This essay considers the influence of artificial intelligence (AI) on the future of strategic thought. Specifically, it assesses the prospects of a new ‘post-strategy’ era dominated by AI and new technologies.

Introduction

Considering the adage “the rational answer is hidden in the right question,” there are critical questions that need to be answered by security and military experts and theorists — Is strategy transforming to post-strategy? Will long-established doctrines of the war surrender to the big data of artificial intelligence (AI)? Will the businesses use the accepted principles of military thinkers of ‘classical war’ better than the military?

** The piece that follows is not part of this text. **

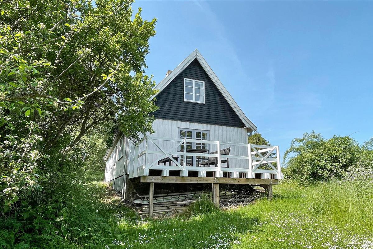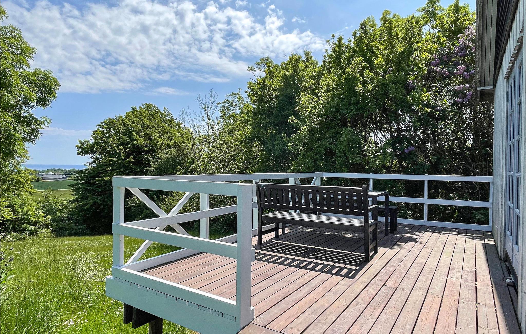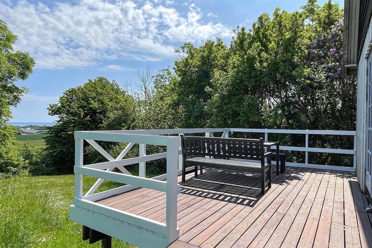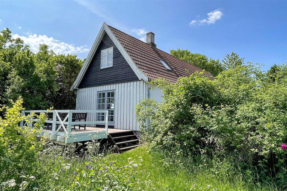 Gezellig en licht vakantiehuis met rustieke sfeer, houten terras en gedeeltelijk zeezicht nabij Gudhjem op Bornholm.

The great and rapid change of civilization caused by the 19th century industrial revolution in Europe and the discovery of oil created both destructive effects along with opportunities in the military and security spheres. The strategy, tactics, and doctrinal literature that evolved over centuries of war have been threatened by rapid change in security parameters from the 20th century onwards, as exemplified by the devastating effects of nuclear weapons.

Moreover, the threat of nuclear weapons disrupted the harmony between (political) ends, (strategic) ways and (military) means in strategic efforts.[1] While states and armies had not yet fully adapted to this situation in the 20th century, and with the half-life of their systems and equipment not yet reached, the security and military world entered a new uncontrollable era in the 21st century with the introduction of ‘super’ advanced technology and AI. Soon, the destructive capacity of military technological capabilities powered by AI could be much bigger than the total destructive effect from all previous capacities combined. The question: “In what direction is strategy and tactics evolving in such an unpredictable security environment” must be the focus of security and military experts.[2]

In that sense, it should be noted that there is no general awareness that modern strategic thought does not seek to pursue or appreciate current developments. This is a phenomenon that has been repeated for centuries.[3]

Awakening to New Era

The triple-design that produces, maintains and develops strategy and tactics in war has not changed for centuries: namely; military organization, weapons-vehicles-equipment (materiel), and doctrine (MO-WVE-D). The strategic culture that every country’s army possesses also provides a characteristic contribution and difference to this triple design. The synergistic design that often-brought victory to countries and armies for centuries resembles that of a master chef — with his own style and secrets — in a perfect kitchen. However, in the coming period, computer software, coding, algorithms, big data, machine learning (ML), robotic task forces and AI have the potential to constrain and shape ‘organic’ strategy and the synergistic triple-design MO-WVE-D.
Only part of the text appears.